E.35 At the bottom of each swing.
36. Some stores have coin-operated toy cars that jiggle back and forth on a fixed base. Why can’t these cars give you
the feeling of actually driving in a drag race?
E.36 A jiggling car can only accelerate you forward for a brief period of time, while a true drag racer will
accelerate you forward for a long period of time. You can feel the forward acceleration as a backward
gravity-like sensation.
37. A salad spinner is a rotating basket that dries salad after washing. How does the spinner extract the water?
E.37 As the salad undergoes rapid centripetal acceleration, the water travels in straight lines and runs off the
salad.
38. People falling from a high diving board feel weightless. Has gravity stopped exerting a force on them? If not, why
don’t they feel it?
E.38 A falling person's internal organs all fall together without having to support one another. The absence of
internal forces within a person's body is what leads them to believe that they are weightless.
39. When your car travels rapidly over a bump in the road, you suddenly feel weightless. Explain.
E.39 After going over a bump, the car begins to accelerate downward and your apparent weight is briefly less
than your real weight.
40. Astronauts learn to tolerate weightlessness by riding in an airplane (nicknamed the “vomit comet”) that follows an
unusual trajectory. How does the pilot direct the plane in order to make its occupants feel weightless?
E.40 The pilot steers the "vomit comet" in the path of a falling object: a parabolic arc through the air. The net
force on the plane is then exactly equal to its weight and it is truly falling.

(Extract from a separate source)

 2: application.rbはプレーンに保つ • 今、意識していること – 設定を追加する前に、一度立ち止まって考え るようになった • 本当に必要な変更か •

The objects inside it fall as well
and everyone inside feels weightless.
41. You board an elevator with a large briefcase in your hand. Why does that briefcase suddenly feel particularly heavy
when the elevator begins to move upward?
E.41 As the car accelerates upward, you must pull upward on the briefcase extra hard to make it accelerate
upward too.
42. As your car reaches the top in a smoothly turning Ferris wheel, which way are you accelerating?

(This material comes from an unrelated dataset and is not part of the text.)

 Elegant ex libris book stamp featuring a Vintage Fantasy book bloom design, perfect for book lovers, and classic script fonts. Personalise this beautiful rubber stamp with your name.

E.42 You are accelerating downward at the top of a smoothly turning Ferris wheel.
E.42 In uniform circular motion, you always accelerate toward the center of the circle.
Problems – Chapter 3
1. Your new designer chair has an S-shaped tubular metal frame that behaves just like a spring. When your friend,
who weighs 600 N, sits on the chair, it bends downward 4 cm. What is the spring constant for this chair?
P.1
15,000 N/m.
2. You have another friend who weighs 1000 N. When this friend sits on the chair from Problem 1, how far does it
bend?
P.2
The chair bends downward 6.7 cm.
3. You’re squeezing a springy rubber ball in your hand. If you push inward on it with a force of 1 N, it dents inward 2
mm. How far must you dent it before it pushes outward with a force of 5 N?
P.3
10 mm.
4. When you stand on a particular trampoline, its springy surface shifts downward 0.12 m. If you bounce on it so that
its surface shifts downward 0.30 m, how hard is it pushing up on you?
P.4
The trampoline is pushing upward on you with a force that is 2.5 times your weight.

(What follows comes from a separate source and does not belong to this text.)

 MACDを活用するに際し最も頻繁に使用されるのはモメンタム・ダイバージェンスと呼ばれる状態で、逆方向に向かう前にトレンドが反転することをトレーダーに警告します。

5. Engineers are trying to create artificial “gravity” in a ring-shaped space station by spinning it like a centrifuge. The
ring is 100 m in radius. How quickly must the space station turn in order to give the astronauts inside it apparent
weights equal to their real weights at the earth’s surface?
P.5
It must turn at about 31 m/s.
6. A satellite is orbiting the earth just above its surface. The centripetal force making the satellite follow a circular
trajectory is just its weight, so its centripetal acceleration is about 9.8 m/s 2 (the acceleration due to gravity near the
earth’s surface). If the earth’s radius is about 6375 km, how fast must the satellite be moving? How long will it take for
the satellite to complete one trip around the earth?
P.6
The satellite must be moving horizontally at about 7,900 m/s. It will complete its trip in about 5100
seconds or 84 minutes.
7. When you put water in a kitchen blender, it begins to travel in a 5-cm-radius circle at a speed of 1 m/s. How quickly
is the water accelerating?
P.7
20 m/s2.
8. In Problem 7, how hard must the sides of the blender push inward on 0.001 kg of the spinning water?
P.8
The blender must push inward on the water with a force of 0.02 newtons.